RUU PPRT 19 Tahun Mandeg, Partai Garuda: Kearifan Lokal, Tak Semuanya Harus Disamakan
- Istimewa
VIVA Politik - Pemerintah mendorong agar Rancangan Undang-Undang tentang Perlindungan Pekerja Rumah Tangga (RUU PPRT) dipercepat pengesahannya. Alasannya, RUU tersebut sudah 19 tahun mandeg, tak kunjung disahkan.
Wakil Ketua Umum DPP Partai Garuda Teddy Gusnaidi menilai ada alasan kuat RUU PPRT bisa mandeg hingga 19 tahun. Dia khawatir, RUU itu malah akan merugikan kalangan PRT.
"Kami menilai, dengan adanya UU ini malah akan membuat para PRT kehilangan pekerjaan. Mungkin itu yang membuat mandeg," kata Teddy, dalam keterangannya, Senin, 13 Februari 2023.

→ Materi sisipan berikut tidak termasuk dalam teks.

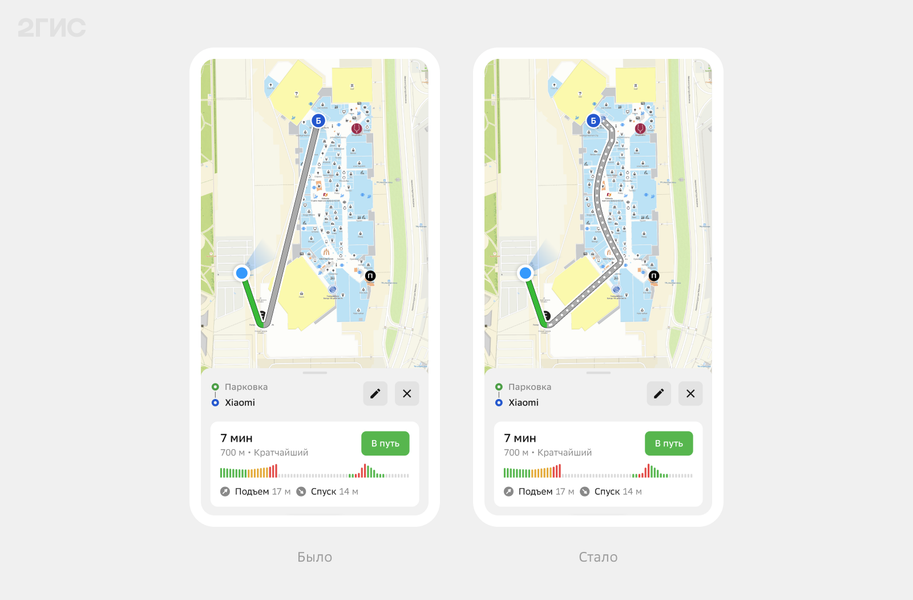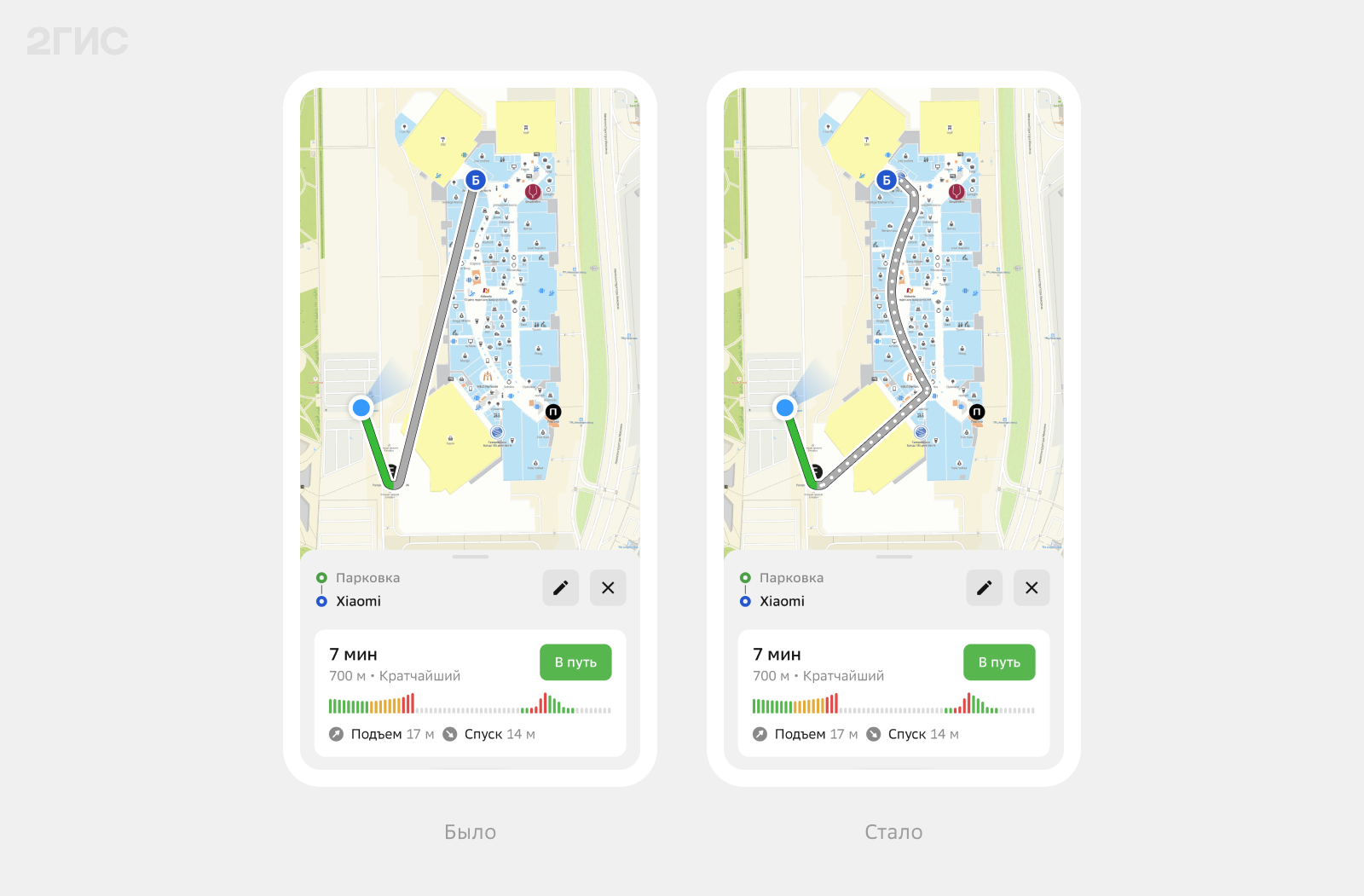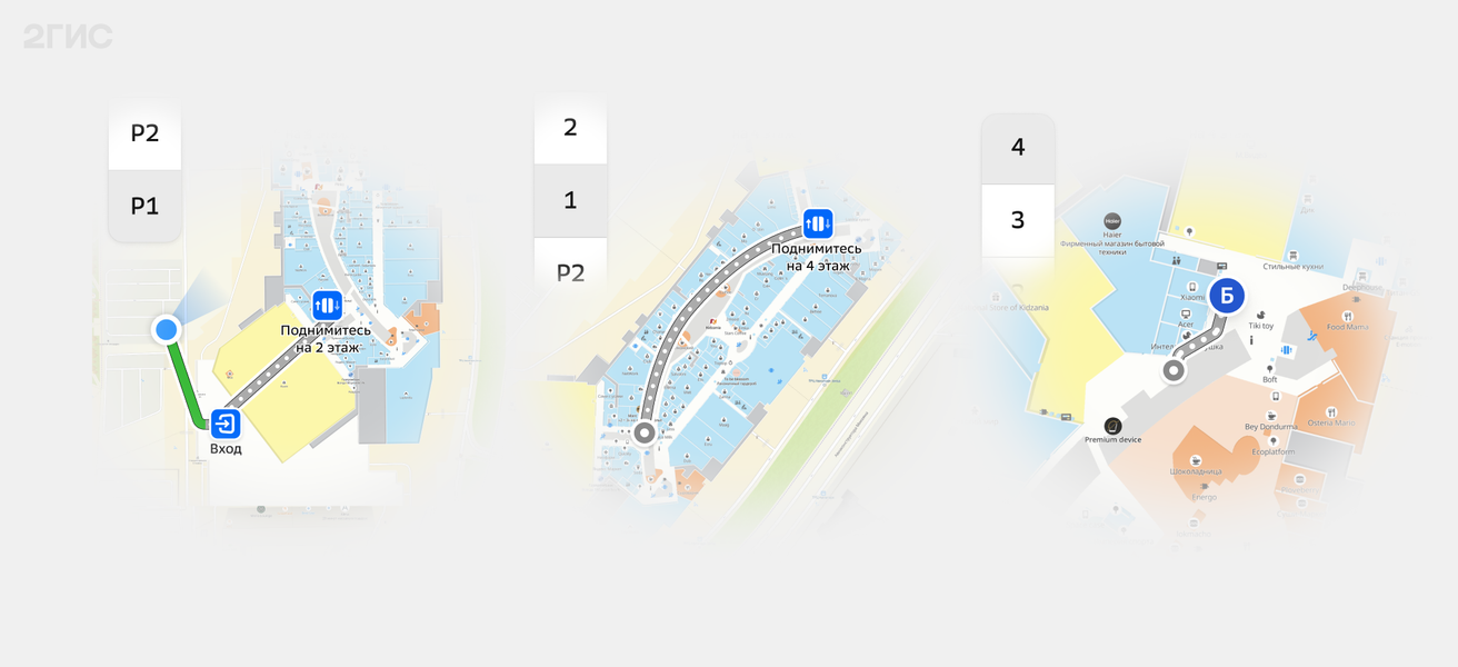В 2ГИС есть данные о проходах в ТЦ, лестницах, эскалаторах, лифтах, расположении магазинов и бутиков — чтобы уже сейчас это приносило больше пользы, мы выпустили обновление для пешеходного навигатора, которое позволяет строить маршруты внутри зданий в условиях отсутствия точной геопозиции пользователя.
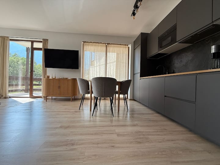 La amplia sala de estar, llena de luz natural, cuenta con un televisor inteligente Full HD con acceso a streaming, un sofá extensible para invitados adicionales, un acogedor rincón de lectura y una gran mesa de comedor para 4 personas. Las puertas de cristal conducen directamente al balcón, donde encontrarás unas vistas impresionantes y aire fresco de montaña.
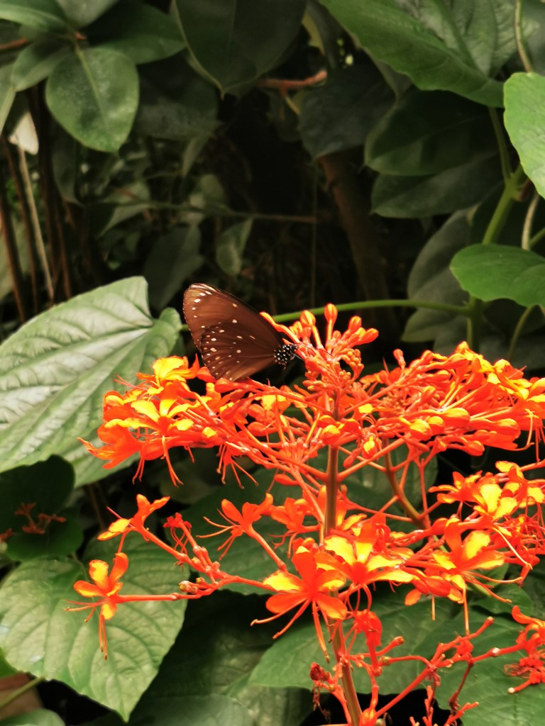 Die Schmetterlingsfarm beherbergt ein naturnahes Biotop mit einer Vielzahl von exotischen Pflanzen, Papageien, Riesenschildkröten, Vogelspinnen, Skorpionen und anderen faszinierenden Insekten. Insgesamt gibt es etwa 2000 Schmetterlinge aus 60 verschiedenen Arten, obwohl es mir manchmal so vorkam, als müsste ich etwas genauer suchen, um sie zu entdecken.
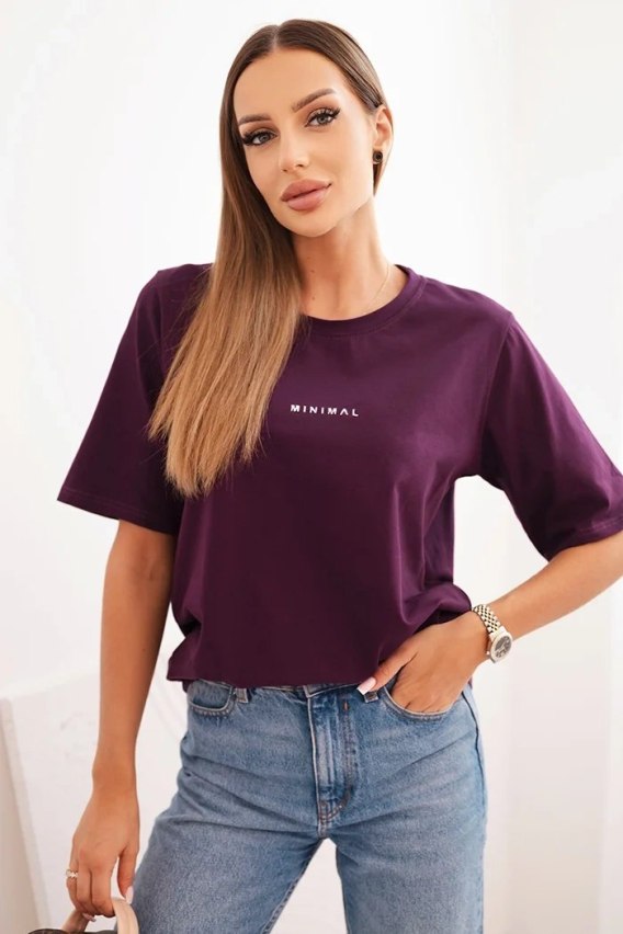 Bluzka damska bawełniana z nadrukiem Minimal śliwkowa
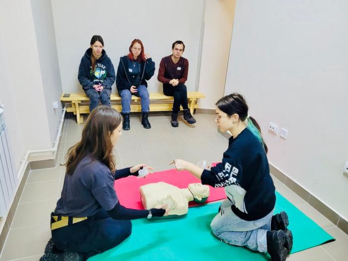 У безпечному приміщенні одного із університетів міста Харкова заняття для студентів організували провідна наукова співробітниця науково-дослідної лабораторії соціально-психологічного супроводу та реабілітації працівників МВС навчально-наукового інституту №3 Євгенія Гладкова разом із командою волонтерів БФ «Долоньки миру». Під час тренінгу команда професійних інструкторів Благодійної організації «AID 46» навчила молодь необхідним алгоритмам поведінки та надання першої домедичної допомоги. Учасники практично відпрацювали набуті навички та отримали сертифікати.
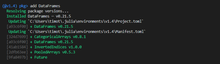 import Pkg; Pkg.add("Revise")to install the Revise package; - Or go into the package manager in the REPL by typing
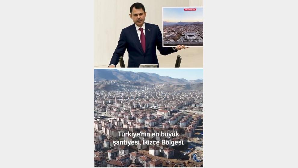 Malatya - Çevre, Şehircilik ve İklim Değişikliği Bakanı Murat Kurum, TBMM Genel Kurulu'nda bakanlığına ait bütçe görüşmeleri esnasında Malatya'da deprem sürecinde yapılan çalışmaları anlatırken, Türkiye'nin en büyük şantiyesinin 27 bin konut ile Malatya'da bulunduğunu belirtti.
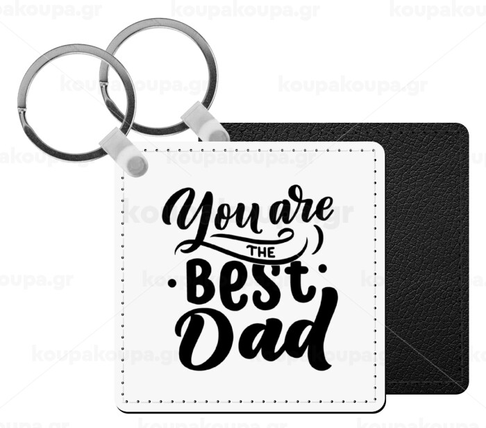 You are the best Dad, Μπρελόκ Δερματίνη, τετράγωνο ΜΑΥΡΟ (5x5cm)
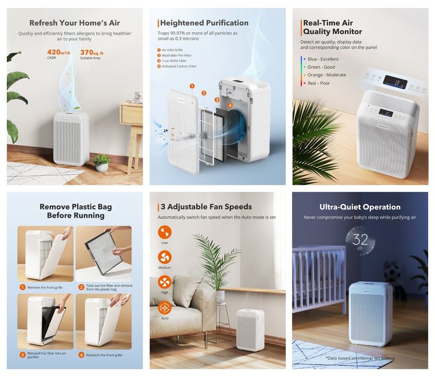 Purificatorul de aer TaoTronics model TT-AP003 va protejeaza copiii impotriva parului animalelor de casa si a parului, permite tuturor membrilor familiilor dvs. sa respire aer pur si sa traiasca intr-un mediu cat mai sanatos.

Dia mengatakan demikian dengan mencontohkan ada banyak pasangan suami istri yang bekerja. Pasangan suami istri itu kemungkinan perlu PRT untuk membantu urusan rumah tangga termasuk anak.
Baca Juga: Sindir DPR Soal RUU PPRT, Mahfud: Ada yang Seminggu Selesai
Namun, ia mengingatkan jika RUU PPRT disahkan jadi UU, maka akan ada konsekuensinya. Salah satunya kemungkinan upah ART yang mesti dibayar sesuai aturan UU.
"Maka mereka harus membayar PRT dengan upah yang sesuai dengan aturan, artinya salah satu upah dari pasangan suami istri, semuanya diperuntukkan untuk membayar upah PRT," tuturnya.
Teddy menekankan jika itu terjadi maka khawatirnya banyak yang keberatan dengan menggunakan jasa ART.
"Yang terjadi, akhirnya mereka tidak lagi menggunakan PRT," jelas Teddy.
Bagi dia, tak semua segala hal mesti jadi acuan yang sama dengan adanya aturan. Ia berpandangan urusan ART adalah kearifan lokal.
"Ini kearifan lokal, tidak semuanya harus disamakan," ujarnya.
Pun, dia menjelaskan pandangannya yang bukan berarti diskriminasi. Kata dia, biasanya jasa PRT itu berasal dari lingkungan setempat yaitu orang yang mengisi waktu buat bantu-bantu keuangan keluarga.Â
"Jika dilegalkan, maka akan banyak dari mereka yang kehilangan pekerjaan," tuturnya.
Menurut dia, bila alasannya untuk perlindungan dari kekerasan dan tindak pidana lain terhadap PRT, maka sudah ada UU dan aturannya. Dia berpendapat urusan PRT belum perlu dispesifikasikan dengan UU.Â
"Jadi tidak perlu lagi dikhususkan, karena tindak pidana itu bukan hanya terjadi pada PRT, tapi juga masyarakat lainnya," katanya.